Implementation of the Spiral\Events\ListenerFactoryInterface allows you to create a listener instance from a fully qualified class name and a method name, adding all the necessary dependencies to the constructor.

After that, we need to register the processor in the configuration file.

php
// file app/config/events.php    
use App\Processor\MyCustomProcessor;

return [
    // ...
    'processors' => [
        MyCustomProcessor::class,
        // ...
    ],
    // ...
];

Creating an EventDispatcher

As an implementation of EventDispatcher, we considered the package The League Event bridge for Spiral Framework. You can create your own implementation using PSR-14 EventDispatcher.

ListenerRegistry

Let's create a class that will implement the Spiral\Events\ListenerRegistryInterface and provides an ability to register event listeners.
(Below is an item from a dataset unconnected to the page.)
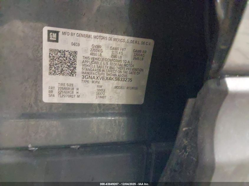 2019 CHEVROLET EQUINOX 2019 року Бензин, 2.0, Повний привід, vin - 3GNAXVEX4KS633235 з США
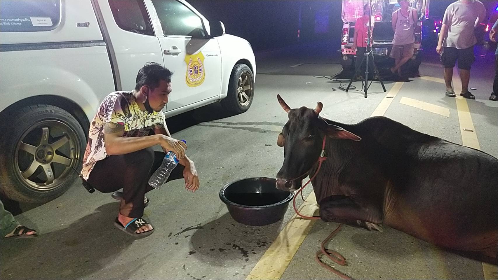 ทั้งนี้เบื้องต้นหลังเกิดเหตุนายบุญส่ง แตงเอี่ยม อายุ 54 ปี ที่อยู่ 35/4 หมู่ที่ 2 ต.ดอนไก่ดี อ.กระทุ่มแบน จ.สมุทรสาคร เจ้าของวัวได้นำลูกวัวกลับไปผูกไว้ที่คอกวัว ซึ่งห่างจากที่เหตุไปราวๆ 2 -3 กิโลเมตร ก่อนที่จะกลับมาให้ปากคำกับเจ้าหน้าที่ตำรวจและพร้อมที่จะรับผิดชอบค่าเสียหายที่เกิดขึ้นตามกฎหมาย เพราะปล่อยให้วัวออกมาเดินบนทางสาธารณะจนทำให้เกิดอุบัติเหตุ แต่ทางเจ้าของรถยนต์เก๋ง ซึ่งตกเป็นผู้เสียหายนั้น ได้ขอให้รีบหาทางพาวัวไปรักษาก่อน ส่วนเรื่องค่าเสียหายเอาไว้ค่อยไปตกลงกันที่โรงพัก

The addListener method from this class is called by processors, passing the event, event listener, and priority as parameters.

php
namespace App\EventDispatcher;

use Spiral\Events\ListenerRegistryInterface;
use Psr\EventDispatcher\ListenerProviderInterface;

final class ListenerRegistry implements ListenerRegistryInterface, ListenerProviderInterface
{
    public function addListener(string $event, callable $listener, int $priority = 0): void
    {
        // ...
    }
    
    public function getListenersForEvent(object $event): iterable
    {
        // ...
    }
}

EventDispatcher

Create an implementation of Psr\EventDispatcher\EventDispatcherInterface.

php
namespace App\EventDispatcher;

use Psr\EventDispatcher\EventDispatcherInterface;

final class EventDispatcher implements EventDispatcherInterface
{
    public function dispatch(object $event)
    {
        // ...
    }
}

Bootloader

After that, we need to create a bootloader that will register the implementation of interfaces in the application container.

php
namespace App\EventDispatcher\Bootloader;

use App\EventDispatcher\ListenerRegistry;
use App\EventDispatcher\EventDispatcher;

use Psr\EventDispatcher\EventDispatcherInterface;
use Psr\EventDispatcher\ListenerProviderInterface;
use Spiral\Boot\Bootloader\Bootloader;
use Spiral\Events\Bootloader\EventsBootloader;
use Spiral\Events\ListenerRegistryInterface;

final class EventBootloader extends Bootloader
{
    protected const DEPENDENCIES = [
        EventsBootloader::class
    ];

    protected const SINGLETONS = [
        ListenerRegistryInterface::class => ListenerRegistry::class,
        ListenerRegistry::class => ListenerRegistry::class,
        ListenerProviderInterface::class => ListenerRegistry::class,
        EventDispatcherInterface::class => EventDispatcher::class,
        EventDispatcher::class => EventDispatcherInterface::class
    ];
}

Note
Don't forget to register the bootloader in the application.